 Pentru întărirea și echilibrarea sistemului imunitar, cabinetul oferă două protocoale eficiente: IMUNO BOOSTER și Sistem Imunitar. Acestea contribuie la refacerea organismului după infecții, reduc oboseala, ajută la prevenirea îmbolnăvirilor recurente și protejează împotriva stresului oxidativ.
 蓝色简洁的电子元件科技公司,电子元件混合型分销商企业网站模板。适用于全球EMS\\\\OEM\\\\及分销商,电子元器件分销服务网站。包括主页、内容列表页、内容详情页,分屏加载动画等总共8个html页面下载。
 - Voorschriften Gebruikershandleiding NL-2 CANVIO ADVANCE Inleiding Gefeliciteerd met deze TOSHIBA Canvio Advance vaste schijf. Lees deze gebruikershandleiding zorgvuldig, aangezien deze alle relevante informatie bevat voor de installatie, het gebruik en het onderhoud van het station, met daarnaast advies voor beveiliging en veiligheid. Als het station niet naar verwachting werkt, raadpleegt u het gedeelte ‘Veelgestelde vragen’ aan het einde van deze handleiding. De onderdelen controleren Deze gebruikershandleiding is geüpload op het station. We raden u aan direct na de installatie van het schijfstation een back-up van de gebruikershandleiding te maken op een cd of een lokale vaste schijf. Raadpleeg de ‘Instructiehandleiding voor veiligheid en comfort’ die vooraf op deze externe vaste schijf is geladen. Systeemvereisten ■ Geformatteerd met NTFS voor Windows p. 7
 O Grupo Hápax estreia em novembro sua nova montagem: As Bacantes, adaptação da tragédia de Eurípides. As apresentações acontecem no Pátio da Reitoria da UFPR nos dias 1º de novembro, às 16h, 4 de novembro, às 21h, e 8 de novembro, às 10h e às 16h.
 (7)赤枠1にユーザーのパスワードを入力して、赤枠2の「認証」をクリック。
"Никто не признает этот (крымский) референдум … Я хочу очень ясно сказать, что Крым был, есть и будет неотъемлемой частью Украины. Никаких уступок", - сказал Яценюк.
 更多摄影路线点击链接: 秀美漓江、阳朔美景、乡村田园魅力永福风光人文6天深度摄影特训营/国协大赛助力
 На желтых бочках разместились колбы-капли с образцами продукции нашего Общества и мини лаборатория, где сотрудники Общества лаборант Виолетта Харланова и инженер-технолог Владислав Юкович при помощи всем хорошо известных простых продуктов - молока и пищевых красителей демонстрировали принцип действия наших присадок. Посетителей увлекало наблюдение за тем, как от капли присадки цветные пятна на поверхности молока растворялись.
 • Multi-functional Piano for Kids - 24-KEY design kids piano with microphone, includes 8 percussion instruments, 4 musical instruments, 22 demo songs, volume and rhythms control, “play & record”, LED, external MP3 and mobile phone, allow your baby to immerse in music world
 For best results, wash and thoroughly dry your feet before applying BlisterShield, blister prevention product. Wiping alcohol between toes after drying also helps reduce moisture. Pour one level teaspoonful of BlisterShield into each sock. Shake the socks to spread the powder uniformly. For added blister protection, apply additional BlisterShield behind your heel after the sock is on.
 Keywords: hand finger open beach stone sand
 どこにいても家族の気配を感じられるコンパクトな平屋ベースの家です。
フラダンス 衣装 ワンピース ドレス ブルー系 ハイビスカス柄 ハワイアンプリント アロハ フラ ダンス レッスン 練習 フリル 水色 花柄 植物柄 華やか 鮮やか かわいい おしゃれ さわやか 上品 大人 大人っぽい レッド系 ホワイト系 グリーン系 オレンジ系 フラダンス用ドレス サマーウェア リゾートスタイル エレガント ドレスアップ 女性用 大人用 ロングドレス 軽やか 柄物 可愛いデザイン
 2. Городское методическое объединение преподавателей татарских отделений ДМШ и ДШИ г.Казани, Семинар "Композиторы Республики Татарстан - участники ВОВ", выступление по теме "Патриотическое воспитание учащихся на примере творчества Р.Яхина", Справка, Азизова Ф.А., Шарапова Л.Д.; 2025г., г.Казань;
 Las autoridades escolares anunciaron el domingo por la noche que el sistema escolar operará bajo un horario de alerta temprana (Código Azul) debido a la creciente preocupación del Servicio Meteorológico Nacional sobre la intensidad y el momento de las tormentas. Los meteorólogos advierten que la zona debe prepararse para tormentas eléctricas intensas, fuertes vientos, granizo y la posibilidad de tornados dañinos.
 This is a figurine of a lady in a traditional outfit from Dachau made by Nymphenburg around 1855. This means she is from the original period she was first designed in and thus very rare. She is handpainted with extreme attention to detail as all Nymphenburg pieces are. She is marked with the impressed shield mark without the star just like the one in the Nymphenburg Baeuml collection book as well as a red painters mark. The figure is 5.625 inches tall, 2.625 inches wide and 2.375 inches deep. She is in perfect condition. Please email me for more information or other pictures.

══════════

◆ What is needed
Reproduce exactly the lines of the records above from the one with "O Grupo Hápax" to the one with "フラダンス 衣装 ワンピース", both included, and leave out everything else.

◆ Task response
 O Grupo Hápax estreia em novembro sua nova montagem: As Bacantes, adaptação da tragédia de Eurípides. As apresentações acontecem no Pátio da Reitoria da UFPR nos dias 1º de novembro, às 16h, 4 de novembro, às 21h, e 8 de novembro, às 10h e às 16h.
 (7)赤枠1にユーザーのパスワードを入力して、赤枠2の「認証」をクリック。
"Никто не признает этот (крымский) референдум … Я хочу очень ясно сказать, что Крым был, есть и будет неотъемлемой частью Украины. Никаких уступок", - сказал Яценюк.
 更多摄影路线点击链接: 秀美漓江、阳朔美景、乡村田园魅力永福风光人文6天深度摄影特训营/国协大赛助力
 На желтых бочках разместились колбы-капли с образцами продукции нашего Общества и мини лаборатория, где сотрудники Общества лаборант Виолетта Харланова и инженер-технолог Владислав Юкович при помощи всем хорошо известных простых продуктов - молока и пищевых красителей демонстрировали принцип действия наших присадок. Посетителей увлекало наблюдение за тем, как от капли присадки цветные пятна на поверхности молока растворялись.
 • Multi-functional Piano for Kids - 24-KEY design kids piano with microphone, includes 8 percussion instruments, 4 musical instruments, 22 demo songs, volume and rhythms control, “play & record”, LED, external MP3 and mobile phone, allow your baby to immerse in music world
 For best results, wash and thoroughly dry your feet before applying BlisterShield, blister prevention product. Wiping alcohol between toes after drying also helps reduce moisture. Pour one level teaspoonful of BlisterShield into each sock. Shake the socks to spread the powder uniformly. For added blister protection, apply additional BlisterShield behind your heel after the sock is on.
 Keywords: hand finger open beach stone sand
 どこにいても家族の気配を感じられるコンパクトな平屋ベースの家です。
フラダンス 衣装 ワンピース ドレス ブルー系 ハイビスカス柄 ハワイアンプリント アロハ フラ ダンス レッスン 練習 フリル 水色 花柄 植物柄 華やか 鮮やか かわいい おしゃれ さわやか 上品 大人 大人っぽい レッド系 ホワイト系 グリーン系 オレンジ系 フラダンス用ドレス サマーウェア リゾートスタイル エレガント ドレスアップ 女性用 大人用 ロングドレス 軽やか 柄物 可愛いデザイン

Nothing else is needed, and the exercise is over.